SIEVE ESTIMATION OF A CLASS OF PARTIALLY
LINEAR TRANSFORMATION MODELS WITH
INTERVAL-CENSORED COMPETING RISKS DATA

Xuewen Lu1, Yan Wang1, Dipankar Bandyopadhyay2
and Giorgos Bakoyannis3

1University of Calgary, 2Virginia Commonwealth University
and 3Indiana University, Indianapolis

Abstract: We consider a class of partially linear transformation models with interval-censored competing risks data. Under a semiparametric generalized odds rate specification for the cause-specific cumulative incidence function, we obtain optimal estimators of the large number of parametric and nonparametric model components by maximizing the likelihood function over a joint B-spline and Bernstein polynomial spanned sieve space.
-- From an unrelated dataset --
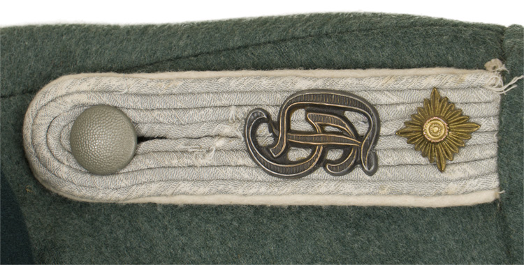 BACKGROUND: The development of the M36 field blouse can be traced back to April 1933 with the introduction of the first pattern field blouses which were a departure from the cut and style of tunics utilized in World War I. From its introduction until 1936 the field blouse underwent a couple of small modifications designed to enhance its performance, appearance and longevity. Modifications to the 1933 pattern field blouse began in December 1934 when the original field-grey basic cloth collar was altered to a field-grey badge cloth for a better appearance. In September 1935 the collar was altered again from the field-grey badge cloth to dark blue/green badge cloth. The final pre-war modification to the field blouse occurred in December 1936 with the addition of a partial lining to the interior breast and upper back panels to increase its wear-out time. Officers and certain senior NCO ranks were responsible for purchasing their own uniforms and as a result were allotted a clothing allowance through the army’s Kleiderkasse, (Clothing Account), system. The Officers and certain senior NCO’s could choose to purchase their uniforms from the armed forces clothing depots or to privately purchase garments of higher quality. Although enlisted personnel were issued their uniforms from government supplies they were also permitted to purchase privately tailored uniforms although the price may have been restrictive. On the field blouse and service tunic the waffenfarbe was generally displayed on the shoulder straps/boards and the collar tabs. Of Note: The origins of the elite Panzer Division Großdeutschland may be traced back to the formation of the Wachregiment Berlin, (Guard Regiment Berlin), in 1921. The Wachregiment was tasked with guarding all the military installations within greater Berlin as well as providing security for State visit and formal functions but was soon disbanded after its formation as it was considered unpredictable and was reformed as Kommando der Wachtruppe, (Commanding Guard Troops). In the autumn of 1934 the Kommando der Wachtruppe was re-designated Wachtruppe Berlin and in June 1937 the Wachtruppe Berlin, (Guard Troops Berlin), was enlarged and re-designated, Wachregiment Berlin. On June 12TH 1939 the Wachregiment, was given Infantry regiment status and renamed Großdeutschland Infantry Regiment with its personnel eventually going on to form the cadre of the elite Panzer Division Großdeutschland in May 1942. On June 20TH 1939 special uniforms and insignia were introduced for all Großdeutschland personnel including the distinctive cufftitle and shoulder board/strap cyphers. Although the unique "GD" uniforms were placed in storage until altered and reissued in 1944, personnel of the regiment did utilize the shoulder board/strap cyphers and the distinctive cufftitle through-out the war.

Our specification considers a relatively simpler finite-dimensional parameter space, approximating the infinite-dimensional parameter space as n → ∞. This allows us to study the almost sure consistency and rate of convergence for all parameters, and the asymptotic distributions and efficiency of the finite-dimensional components. We study the finite-sample performance of our method using simulation studies under a variety of scenarios. Furthermore, we illustrate our methodology by applying it to a data set on HIV-infected individuals from sub-Saharan Africa.

Key words and phrases: Bernstein polynomials, competing risks, cumulative incidence function, interval censoring, partially linear transformation model, semiparametric efficiency.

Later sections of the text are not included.